A Campus and a War: Michigan State University and Vietnam Exhibit: Home

Introduction

This guide serves as an electronic addition to the MSU Libraries exhibit A Campus and a War: Michigan State University and Vietnam.

Introductory Panel

Over a generation (1945-1975), a civil war in Vietnam evolved into an enormously destructive Cold War conflict that profoundly marked the world in the twentieth century, and whose legacies remain profound and contested fifty years after its end. Michigan State University’s connection to and involvement in the Vietnam War deeply impacted the institution as it transformed from a small agricultural college into a globally engaged research university. During the 1950s and early 1960s, MSU administered federally funded technical assistance and training programs that were part of a broader American effort to shape the political and economic direction of the decolonizing world after World War II. As a subsequent American military intervention in Vietnam in the later 1960s became destructive and politically divisive, MSU’s relationship to the US-backed South Vietnamese government intensified anti-war activism on campus, leading to one of the most tumultuous periods in the university’s history.
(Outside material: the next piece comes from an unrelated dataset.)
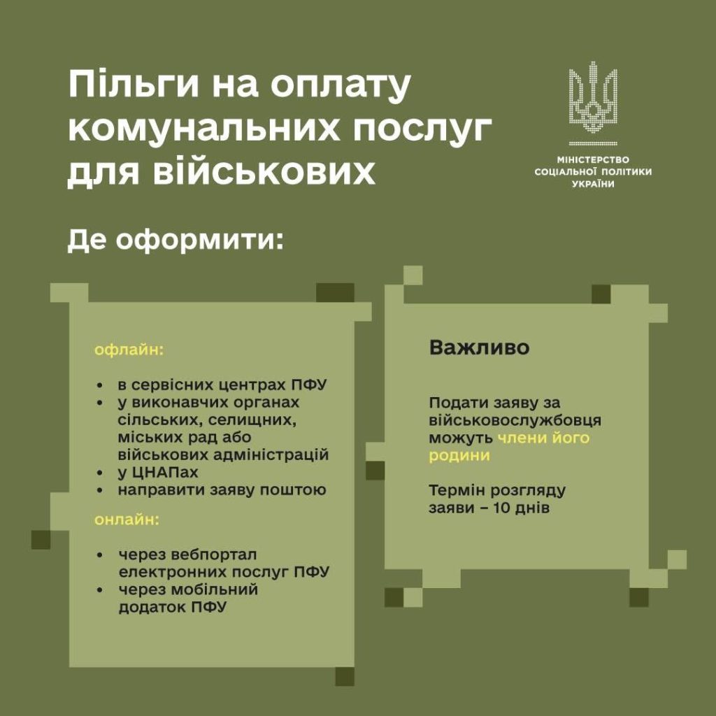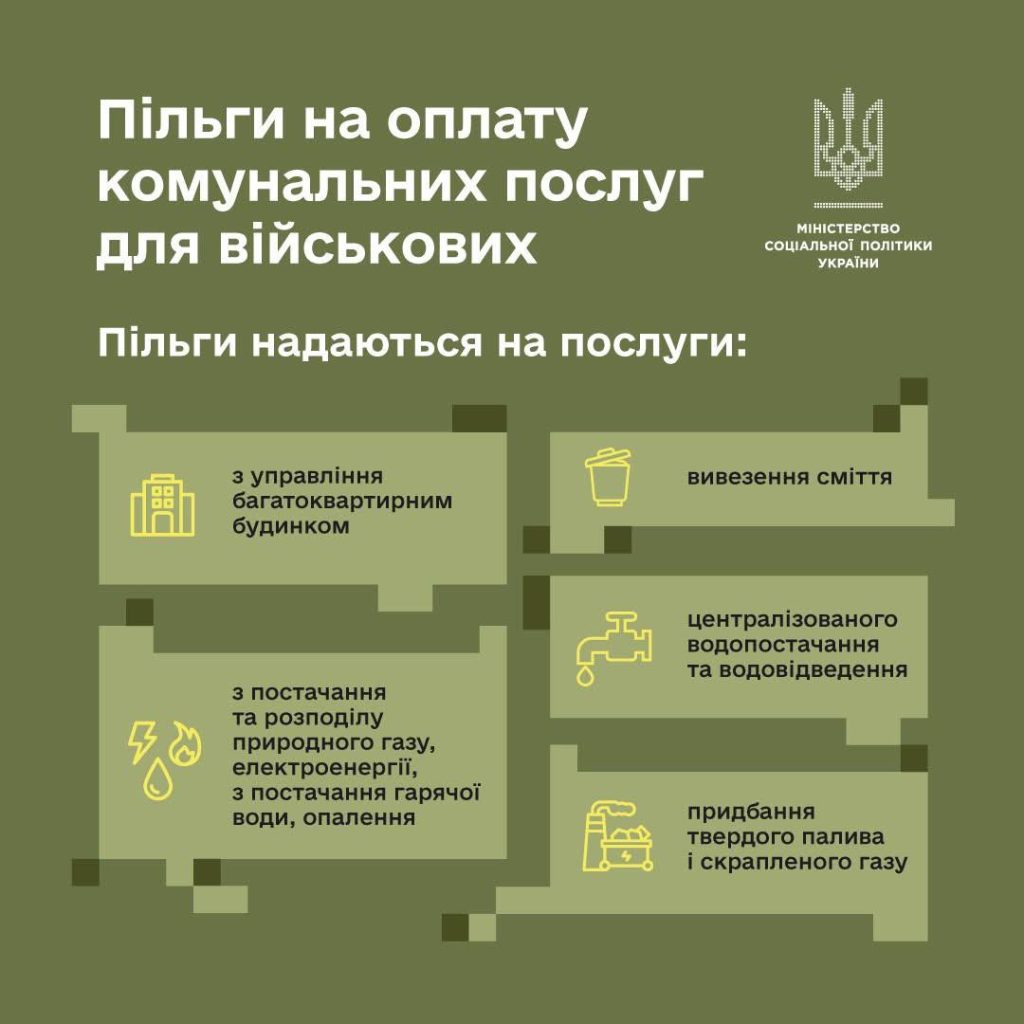 ℹ️ Пільги поширюються на оплату послуг з управління будинком, постачання газу, електроенергії, води, опалення, вивезення сміття, а також на придбання твердого палива та скрапленого газу.

Using archival and print materials from the MSU Libraries University Archives and Stephen O. Murray & Keelung Hong Special Collections, “A Campus and a War: Michigan State University and Vietnam” shares the deeply complex history of our campus’s involvement in a conflict of global importance. Through print, photographs, and voice, the exhibition reflects the varying experiences and perspectives of members of the MSU and greater Lansing community whose lives intersected with the war, from the servicemen who parachuted into northern Vietnam in 1945 to the war refugees who made Lansing their home during the 1980s. Fifty years after the war, the exhibition attempts to explore how our campus and community was marked by a war that changed the world.

Exhibit Materials

Liberators of Vietnam cartoon, undated. MSS 431-99

Additional Materials

MSU Vietnam Group Archive

The MSU Vietnam Group Archive includes roughly 80,000 pages of digitized documents, maps, and images. Most of these materials date from 1955-1962, when Michigan State University led a range of US-funded technical assistance programs in South Vietnam for the purpose of producing a stable non-Communist ally in Southeast Asia.

On the Banks of the Red Cedar

On the Banks of the Red Cedar provides online access to documents and audio visual materials related to the history of Michigan State University and in the broader context, the state of Michigan and the United States. 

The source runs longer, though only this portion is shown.